As expected, plasma concentrations of both D-lactate and soluble-CD163, two surrogate markers of gut permeability and bacterial translocation, (i) were significantly higher in ALD patients (SAH > ARC) compared to HC (Figure 3B) reconfirming our previous findings (Markwick et al., 2015; Riva et al., 2018, 2020), and (ii) were strongly correlated with clinical indices of disease severity (Child-Pugh score, MELD score, bilirubin) (Figure 3C and Supplementary Table 6). D-lactate was also positively correlated with total leukocyte, neutrophil and monocyte counts, and with all the cytokine measurements (Figure 3C and Supplementary Table 6). D-lactate and soluble-CD163 were also positively correlated to soluble-TIM3 and soluble-CD80 (Figure 3C and Supplementary Table 6) reinforcing the association between bacterial translocation, hyper-inflammation, soluble-CRs and disease severity in ALD patients.

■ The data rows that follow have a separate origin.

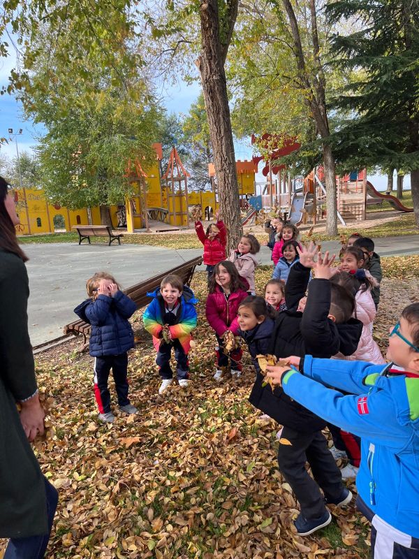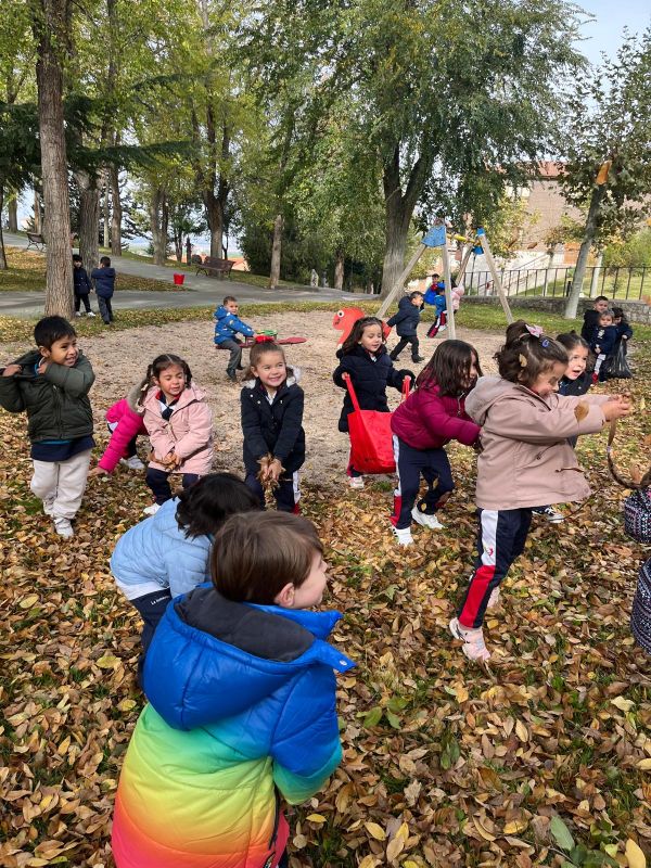 Nuestros alumnos de Infantil han pasado una mañana inolvidable en el parque de San Vicente. Aprovechando los rayos de sol otoñales, almorzaron y después recogieron hojas, viendo su textura, color, tamaño… Las alzaron al vuelo, las pisotearon para ver como crujían, experimentaron muchas sensaciones y vivieron el otoño in situ. Para finalizar esta bonita jornada jugaron en los columpios y corretearon entre las hojas. Se han llevado al cole las hojas recogidas para hacer diferentes manualidades.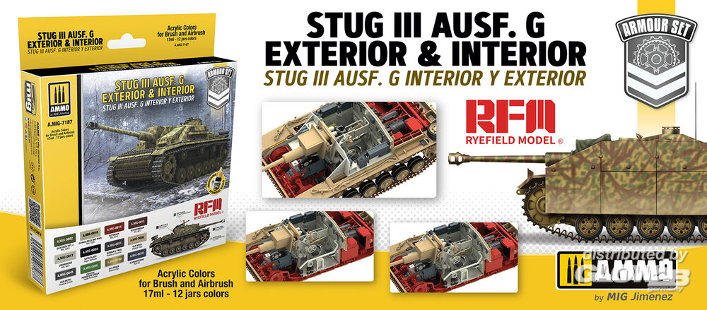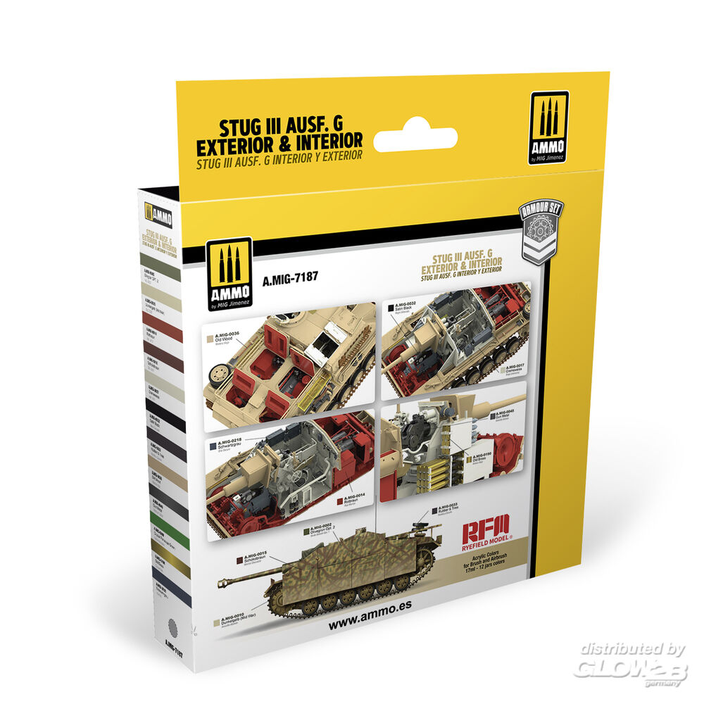 1 x ACRYLIC COLOR Rubber & Tires (A.MIG-0033) 1 x ACRYLIC COLOR RAL 8012 Rotbraun (A.MIG-0014) 1 x ACRYLIC COLOR RAL 7028 Dunkelgelb (Mid War) (A.MIG-0010) 1 x ACRYLIC COLOR RAL 6003 Olivgrün Opt. 2 (A.MIG-0002) 1 x ACRYLIC COLOR RAL 8017 Schokobraun (A.MIG-0015) 1 x ACRYLIC COLOR RAL 9001 Cremeweiss (A.MIG-0017) 1 x METALLIC Old Brass (A.MIG-0190) 1 x ACRYLIC COLOR RLM 66 Schwartzgrau (A.MIG-0218) 1 x CRYSTAL Green Periscope (and Tail Light On) (A.MIG-0096) 1 x METALLIC Gun Metal (A.MIG-0045) 1 x ACRYLIC COLOR Old Wood (A.MIG-0036) Zusatzinformationen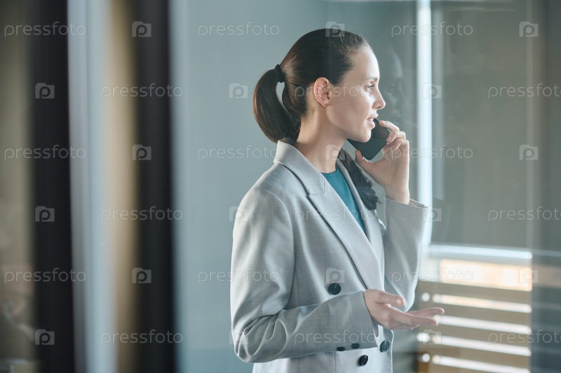 Молодая уверенная в себе женщина-адвокат разговаривает с клиентом по мобильному телефону

Investigating the Source of Soluble-TIM3 in ALD Patients and the Relationship Between Soluble-TIM3 and Membrane-TIM3 in Response to Bacterial Challenge

To investigate the source of soluble-TIM3, soluble-CR concentrations were measured in plasma samples obtained from pre-hepatic (portal vein), post-hepatic (hepatic vein), and systemic (cubital vein and right cardiac atrium) blood beds in ARC patients during TIPS procedure. As shown in Figure 4A, intestinal/splanchnic or hepatic alterations during established ALD did not affect systemic levels of soluble-TIM3, and similar results were also obtained for all the soluble-CRs measured (Supplementary Figure 2).

FIGURE 4.

FIGURE 4

Anatomical distribution and peripheral origin of soluble-TIM3. (A) No differences in soluble-TIM3 measured in plasma obtained from four anatomical compartments in 20 ARC patients undergoing TIPS; measurements are matched by subject (Friedman’s paired test). (B) Lack of soluble-TIM3 production in PCLS treated with ethanol 250 mM for 24 h (Mann–Whitney test. Each dot represents one slice; each color represents one subject). Boxplots (median, IQR, ±full range). (C) Unchanged soluble-TIM3 levels in E. coli-pulsed whole blood (Mixed Model analysis, with significant fixed effect by subject group but not by stimulation).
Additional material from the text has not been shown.